Continue chaining together the actions of your new routines so that they flow together, and pretty soon, no one is complaining, and your new training is routine.

Third, slowly withdraw the need for the reminders.

One of the key ingredients of effective training in a routine or habit is that eventually, you shouldn’t need reminders of what to do next. While not everyone will be able to do without a physical reminder of the routines (ie a visual checklist), most neurotypical kids will be able to self-regulate and self-motivate after some time. And you shouldn’t need to verbally remind them about the next steps.

Fourth, let natural consequences help guide the training.

Training does not need to be harsh or have extra correction when things go off the rails. If you’ve set up your routines and goals to feel like they are natural extensions of each other, then the natural consequences of skipping a step, not starting, or rushing through it will help correct all on their own.

In our above example, training a young child in a new bedtime routine has a natural consequence reinforced throughout. If they don’t get their pajamas on in a timely fashion, there’s no time for the story. If the toys aren’t cleaned up quickly, there’s no time for the story. It naturally corrects the child, without the parent having to come up with “threats” or manipulate the situation.

Training can happen for every goal.

You can create a routine to train yourself and your kids for any and every goal you might think of. Whether its a physical goal of fitness or health, a social goal of relationship skills or etiquette, an academic goal for homework or studying, or whatever else you might have in mind, you can apply the same techniques.

Training requires only a few things: a goal, a tool to help you start, a reward — and someone to train you.

Training doesn’t work without accountability.

How to hold someone accountable, healthily

Accountability goes hand in hand with responsibility, but there’s a difference. Responsibility is about roles and tasks. Accountability is about results.

Holding someone responsible means that you assign the job to them. Holding someone accountable means you assign the credit — or blame — to them.

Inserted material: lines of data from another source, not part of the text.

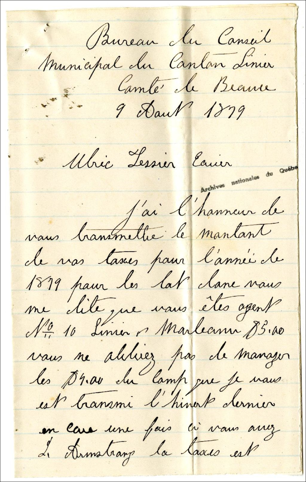 Lettre de Zéphirin Loignon, secrétaire trésorier du Conseil municipal du canton de Linière à Ulric Tessier concernant les taxes, 9 août 1879, Archives nationales à Rimouski, Fonds Famille Tessier, (01R,P1,S3,SS2,P34).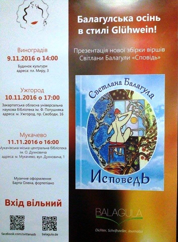10 листопада о 17.00 у головній книгозбірні краю (пр.Свободи,16) відбудеться творчий вечір київської письменниці Світлани Балагули, яка презентує свою нову збірку поезій « Исповедь».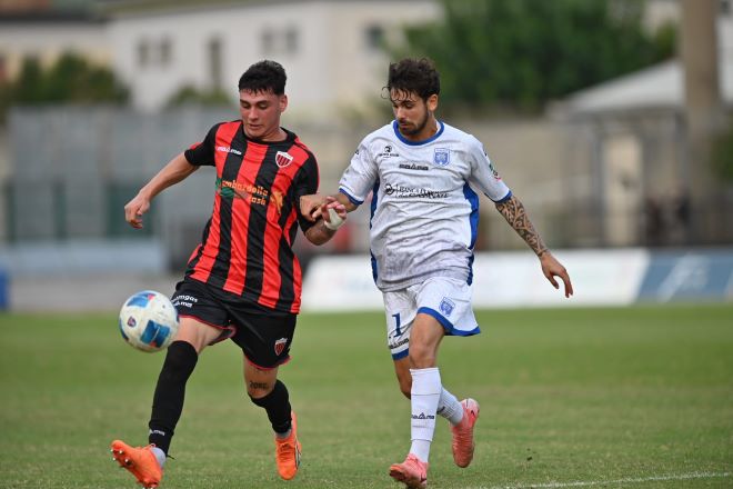 I rossoneri alla mezz’ora vanno a un passo dal raddoppio con Giannone che si rende pericoloso dalla distanza, sinistro preciso ma non letale a favorire l’intervento di Lovecchio che devia in angolo. Al minuto 38 errore di Russo in fase di disimpegno che finisce per servire Carnevale che dai 20 metri calibra il destro che termina di poco sul fondo.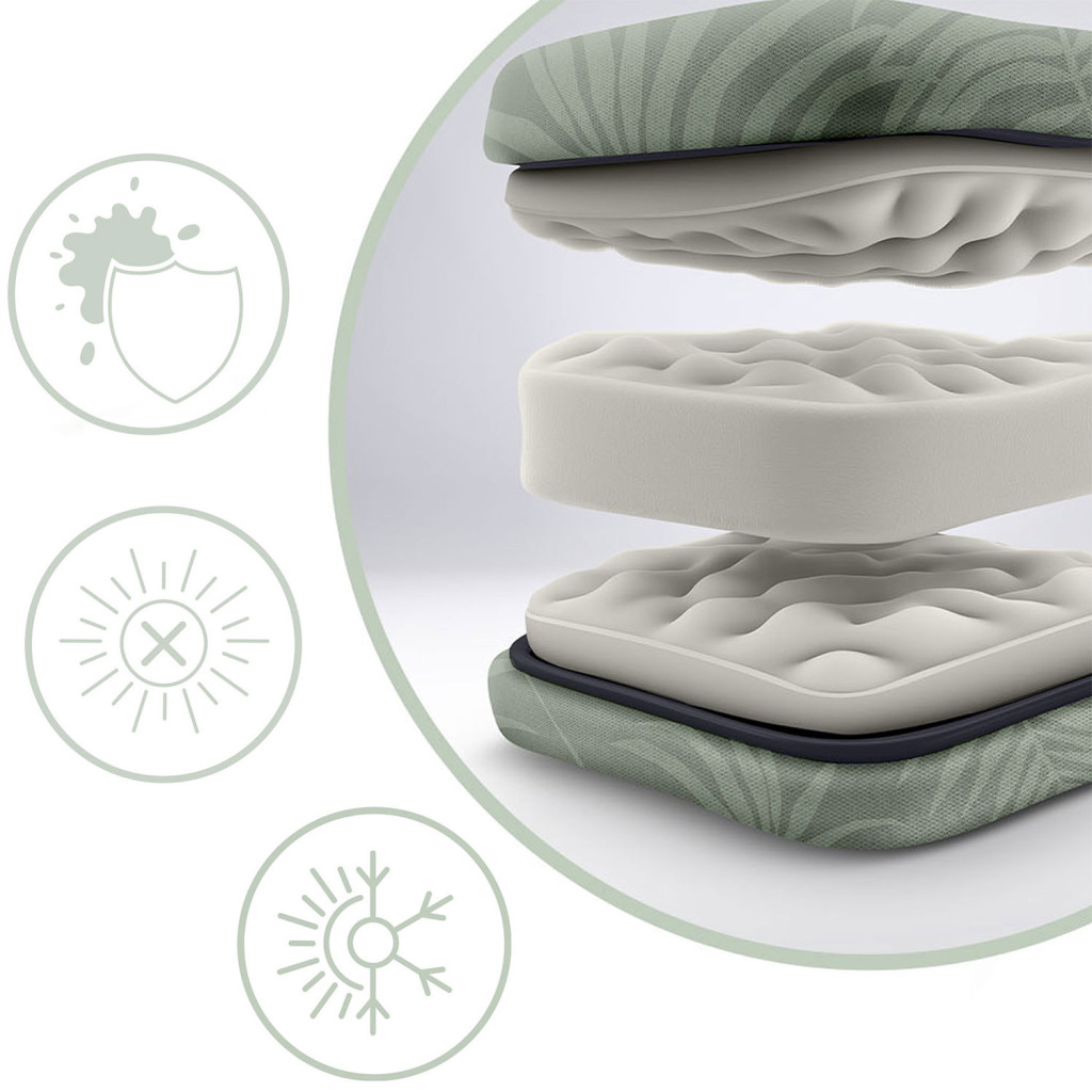 A ChillWell nyugágyak a klasszikus kempingfotelek kényelmét ötvözik a luxus napozóágyak puhaságával. A plüssös, gombos varrású párna hosszan tartó komfortot ad, miközben a légáteresztő textília nem melegszik túl a napon. A karfába simuló kartámaszok stabil fogást kínálnak, a vázon található lábrögzítő pedig megakadályozza a véletlen becsukódást. A két az egyben csomaggal partnereddel egyszerre élvezhetitek a felhőtlen pihenést.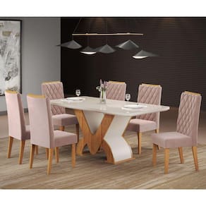 Mesas são indispensáveis para o funcionamento da casa e é no cômodo de confraternização que elas ganham protagonismo. Composto por peças de muito charme, o Conjunto Novita torna o uso desse móvel importante com 6 cadeiras para garantir uma usabilidade plena para o seu dia a dia Medida da Mesa (A x L x P): A:80 X L:180 x P:90xm Peso da Mesa: 61,9 kg Mesa suporta até: 50.0000 Acabamento da Cadeira/Banco: Pintura UV Acabamento da Mesa: Pintura UV Acompanha Manual de Instalação: Sim Almofada do encosto: Não Possui Altura do Conjunto: 98 cm Ambiente Principal: Sala de Jantar Cadeira/Banco estofada: Encosto e Assento Estofados Cadeira/Banco Estofada: Encosto e Assento Estofados Cadeira/Banco suporta até: 90.0000 codigo_ean: 7909903401415 Complexidade da Montagem: Média: pode ser montado por mais de uma pessoa e/ou necessite de maior conhecimento para montagem Cor: Mel/Off White/Rosa Cor do Produto: Mel/Off White/Rosa De Canto (Canto Alemão): Não Enchimento do Assento: Espuma D-20 Enchimento do Encosto: Espuma D-12 Escala de Brilho: Semi-Brilho Espessura do Tampo: 40 mm Estrutura do Assento: MDP/Espuma Estrutura do Encosto: MDP/Espuma Formato do Tampo: Retangular Itens Inclusos: 1 mesa, 6 cadeiras, kit ferragens e manual de montagem Manual de Montagem e Instalação: https://product-hub-prd.madeiramadeira.com.br/865846/documents/08f10f00-b4ea-413b-ad86-ec6f51c913d2gemsalanovitacomcadeiraiza.pdf Material da Base da Mesa: MDF/MDP Material da Estrutura da Cadeira: MDF/MDP Material do Tampo: MDF/Vidro Material Principal: MDF/MDP/Vidro/Tecido Material Principal das Cadeiras/Bancos: MDF/MDP Medida da Cadeira/Banco (A x L x P): A:98 x L:42 x P:48cm Medida do Tampo (L x C x E): 180x90x4cm Mesa Dobrável: Não Mesa Extensível: Não Necessita Montagem: Sim Origem do Produto: Nacional Peso da Cadeira/Banco: 8,25 kg Possui Apoio para Braços: Não Possui Apoio Para os Pés: Não Possui Prateleiras: Não Possui Suporte Giratório: Não Possui Vidro: Sim Quantidade de Cadeiras: 6 Quantidade de Lugares: 06 Recomendações de Uso, Manutenção e Limpeza: Limpar com pano levemente umedecido com água Revestimento da Cadeira/Banco: Veludo Sistema de Montagem: Parafusos e cavilhas Tipo de Assento: Fixo Tipo de Encosto: Estofado Ean: 7909903401415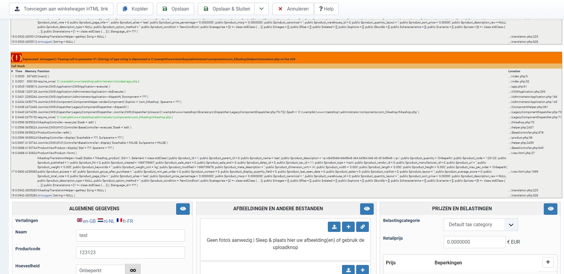 Deprecated: strtoupper(): Passing null to parameter #1 ($string) of type string is deprecated in C:\wamp64\www\testshop\administrator\components\com_hikashop\helpers\translation.php on line 628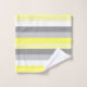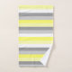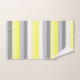 Toalla de baño de rayas amarillas, blancas y grises. Tonos alegres de tonos amarillos, grises mudos y decoración de baño a rayas blancas. Por celeste@khoncepts.com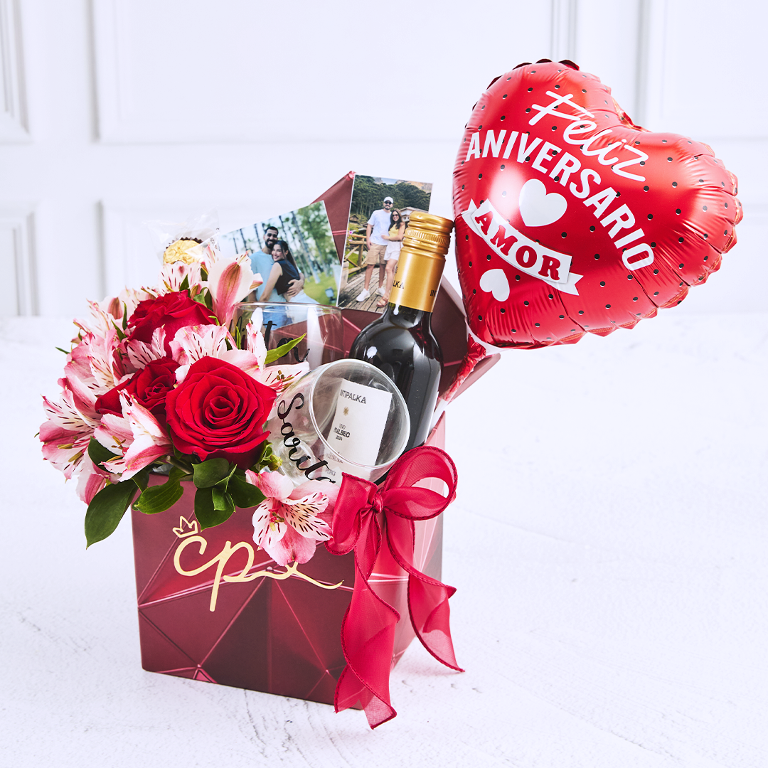 Vino Intipalka Globo Feliz Aniversario 3 Chocolates Ferrero Rocher Astromelias & Rosas Rojas 2 Fotografías...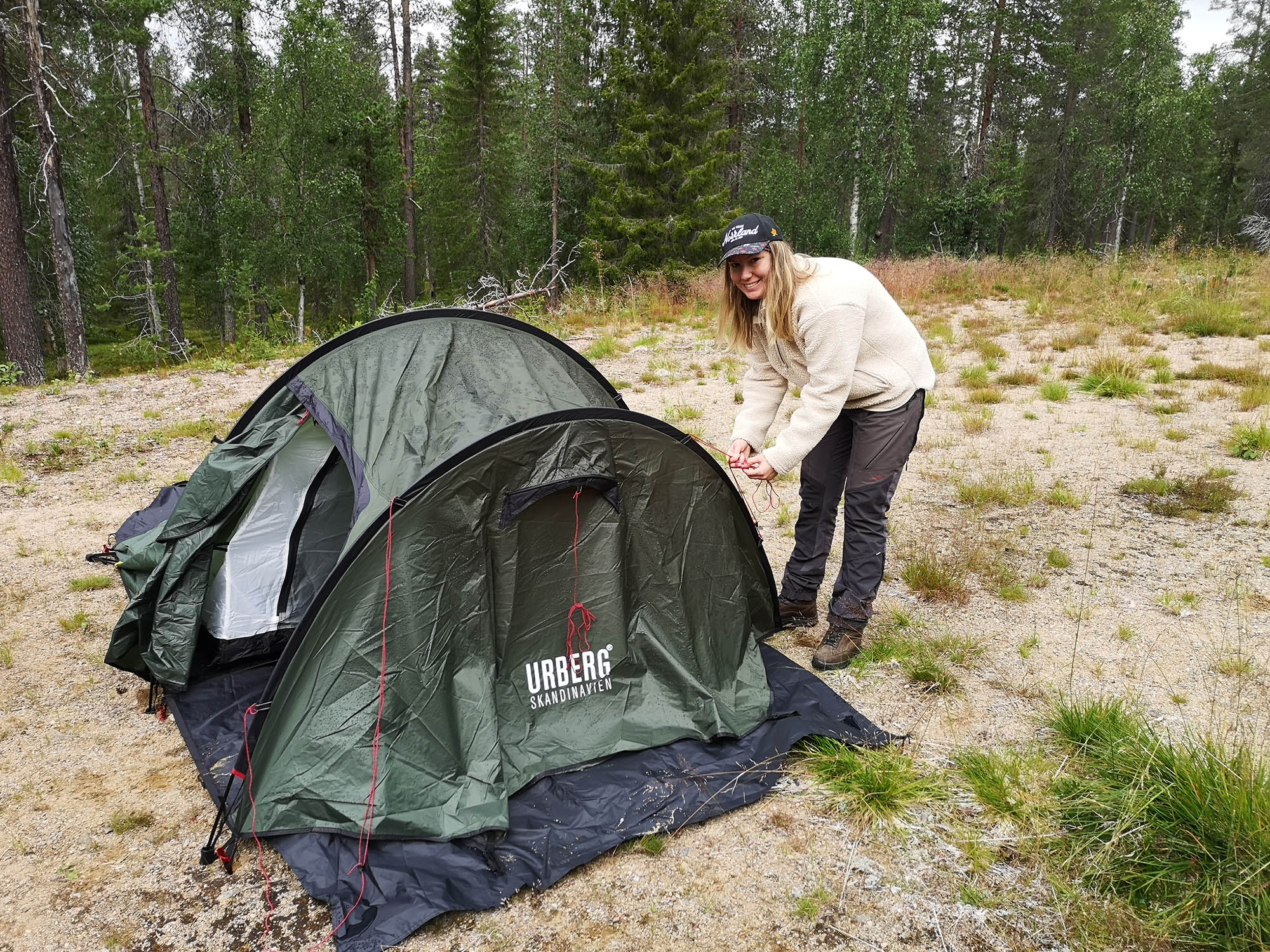 Att slå upp tältet gick smidigare än vi trodde med tanke på att det var första gången. Vi avnjöt kvällsmaten under nattsolen innan vi kröp ner i våra sovsäckar. Natten var tyst och ljus och vi båda sov gott och ganska länge. Det regnade lite på morgonen, men i tältet var det mysigt. När vi vaknat och öppnade tältet såg vi till vår förvåning en liten ren som säkert undrade vad vi gjorde där ute.
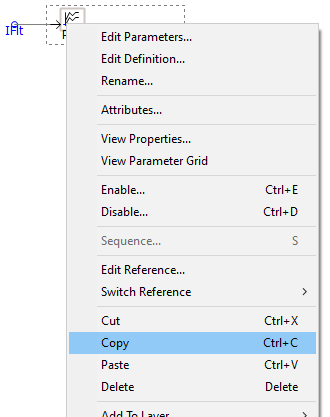 And that's it! PSCAD now has all the information it needs to perform a Paste operation intelligently, depending on where the object is pasted. To paste an object, use the hotkey Ctrl + v, or right-click and select Paste or a Paste Special function from the associated context menu: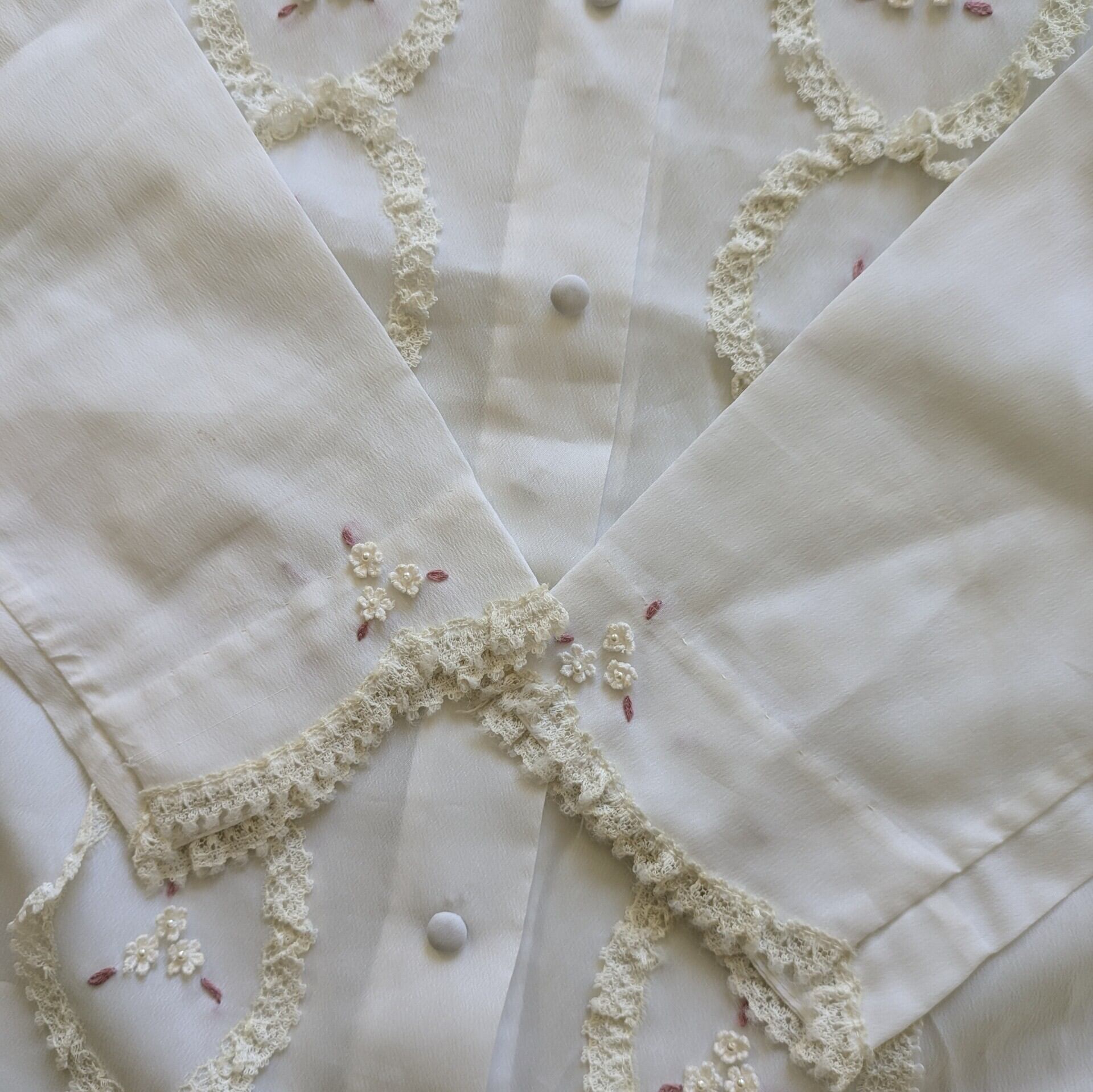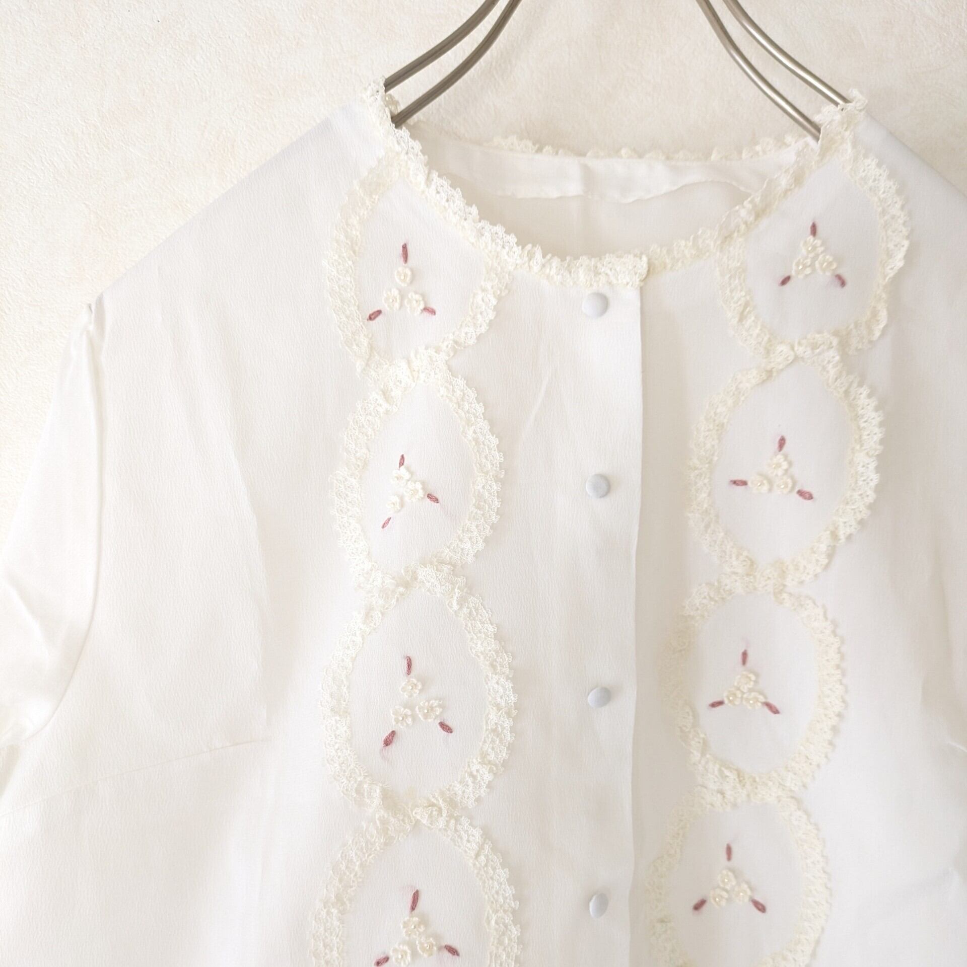 【昭和レトロ】白レース ショート丈ブラウス サイズM程度 used レディース古着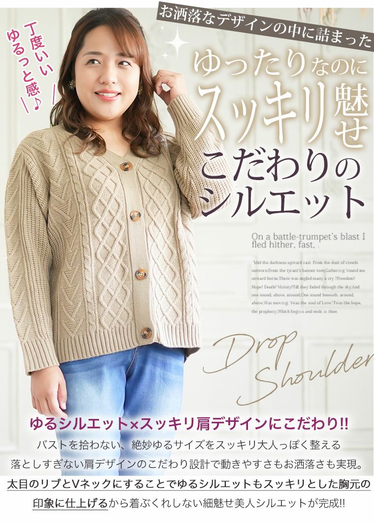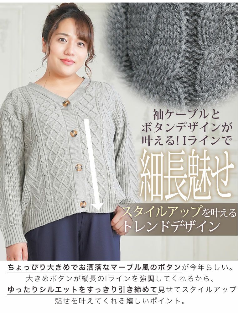 他の画像を見る オリジナル トップス カーデ 羽織り LL 3L 4L 5L 6L 冬 冬物 冬服 ぽっちゃり ゆったり かわいい おしゃれ カジュアル ナチュラル プラスサイズ 【Hinaさんコラボ】 ケーブル柄 ニットカーディガン【骨格ナチュラル】 | 大きいサイズの通販ならハッピーマリリン 価格 ¥ 3,990 税込 3.75 お気に入りに登録する

In practical terms, they are often used interchangeably. After all, if you’ve assigned a chore to one of your kids, they’re responsible for the chore. And you’ll hold them accountable for the chore’s completion, whether it was done well, done poorly, or done at all.

We can train our children to be responsible and accountable, without making it personal.

By focusing on the job and the results, and not the character of the person, we can hold our children accountable for their actions. And this gives them room to grow and become accountable and responsible — which is the whole point of training!

So instead of calling someone “bad” or “naughty”, I always ask my children about their choices. And I point out to them that they can and have made better choices.

Teaching and training is about choices.

When we deliberately teach our children, we’re teaching them that they have a choice, and how to make decisions.

When we decisively train our children, we’re helping them to consistently make good choices.

And that’s why you need to train your children. So they can make better choices every time.